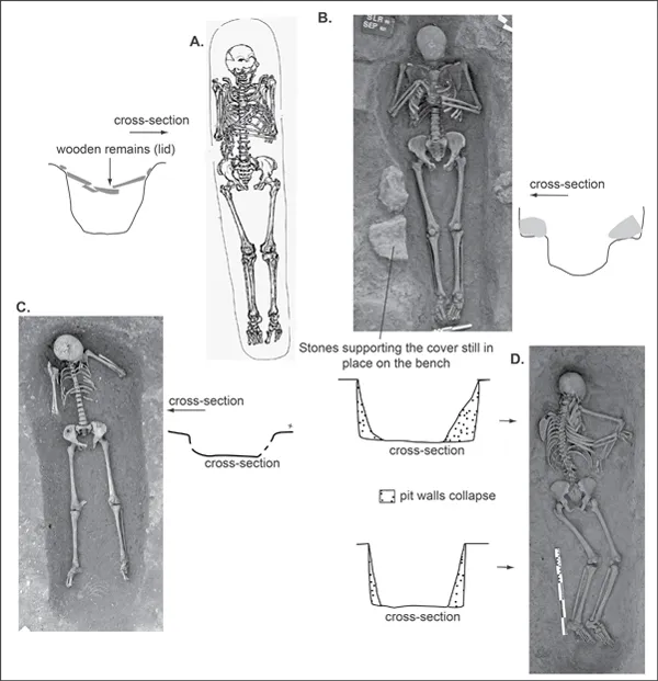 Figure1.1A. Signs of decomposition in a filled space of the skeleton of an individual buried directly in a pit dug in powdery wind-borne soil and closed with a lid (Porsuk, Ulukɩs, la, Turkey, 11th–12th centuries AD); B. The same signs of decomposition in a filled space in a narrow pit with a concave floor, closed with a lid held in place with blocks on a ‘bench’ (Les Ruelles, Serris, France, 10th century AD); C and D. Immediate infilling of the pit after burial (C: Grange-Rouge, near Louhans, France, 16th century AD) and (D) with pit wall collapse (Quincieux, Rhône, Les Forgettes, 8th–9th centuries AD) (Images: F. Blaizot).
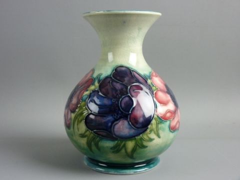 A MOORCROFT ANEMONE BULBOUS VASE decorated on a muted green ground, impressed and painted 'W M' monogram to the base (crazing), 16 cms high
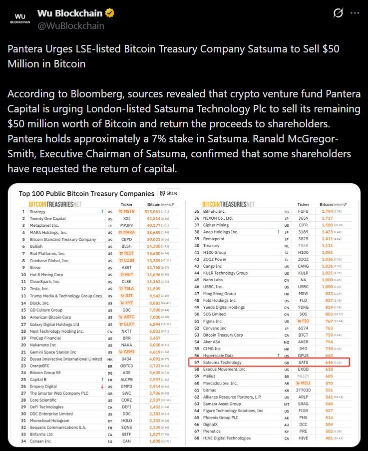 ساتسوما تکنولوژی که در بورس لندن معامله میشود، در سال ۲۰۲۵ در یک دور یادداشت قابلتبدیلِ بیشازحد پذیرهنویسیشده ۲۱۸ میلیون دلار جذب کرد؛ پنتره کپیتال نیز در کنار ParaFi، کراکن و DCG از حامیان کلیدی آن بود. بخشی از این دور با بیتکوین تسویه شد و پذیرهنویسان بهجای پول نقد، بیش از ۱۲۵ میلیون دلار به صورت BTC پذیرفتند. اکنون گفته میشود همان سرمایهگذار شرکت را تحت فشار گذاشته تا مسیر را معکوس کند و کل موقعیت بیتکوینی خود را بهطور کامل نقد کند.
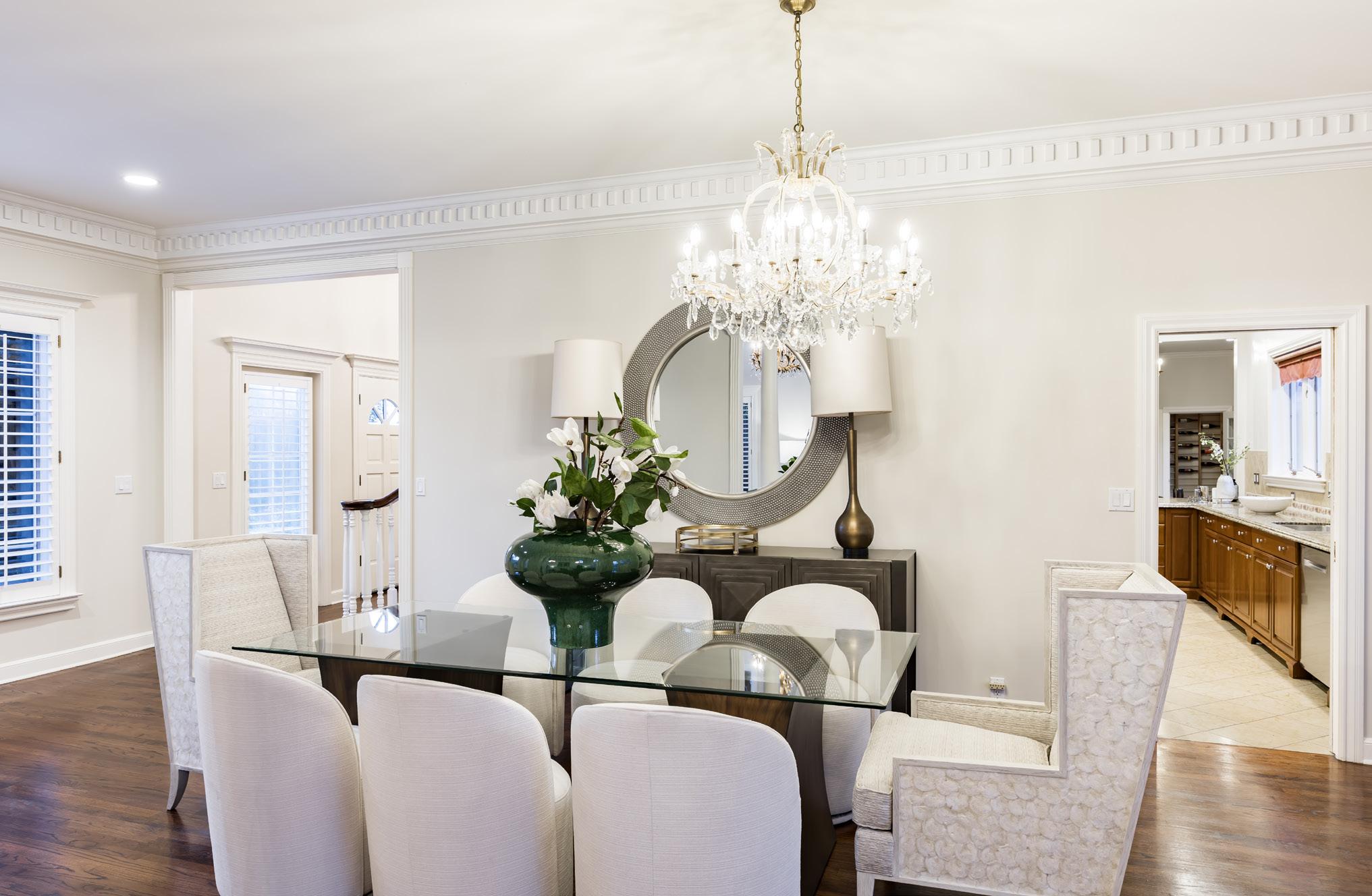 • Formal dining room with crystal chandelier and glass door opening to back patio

■ What the task asks: The lines from the one containing "A MOORCROFT ANEMONE" through the last line of the data above are to be transcribed exactly, both included, with all pictures left out.

■ Solved exercise:
 A MOORCROFT ANEMONE BULBOUS VASE decorated on a muted green ground, impressed and painted 'W M' monogram to the base (crazing), 16 cms high
 ساتسوما تکنولوژی که در بورس لندن معامله میشود، در سال ۲۰۲۵ در یک دور یادداشت قابلتبدیلِ بیشازحد پذیرهنویسیشده ۲۱۸ میلیون دلار جذب کرد؛ پنتره کپیتال نیز در کنار ParaFi، کراکن و DCG از حامیان کلیدی آن بود. بخشی از این دور با بیتکوین تسویه شد و پذیرهنویسان بهجای پول نقد، بیش از ۱۲۵ میلیون دلار به صورت BTC پذیرفتند. اکنون گفته میشود همان سرمایهگذار شرکت را تحت فشار گذاشته تا مسیر را معکوس کند و کل موقعیت بیتکوینی خود را بهطور کامل نقد کند.
 • Formal dining room with crystal chandelier and glass door opening to back patio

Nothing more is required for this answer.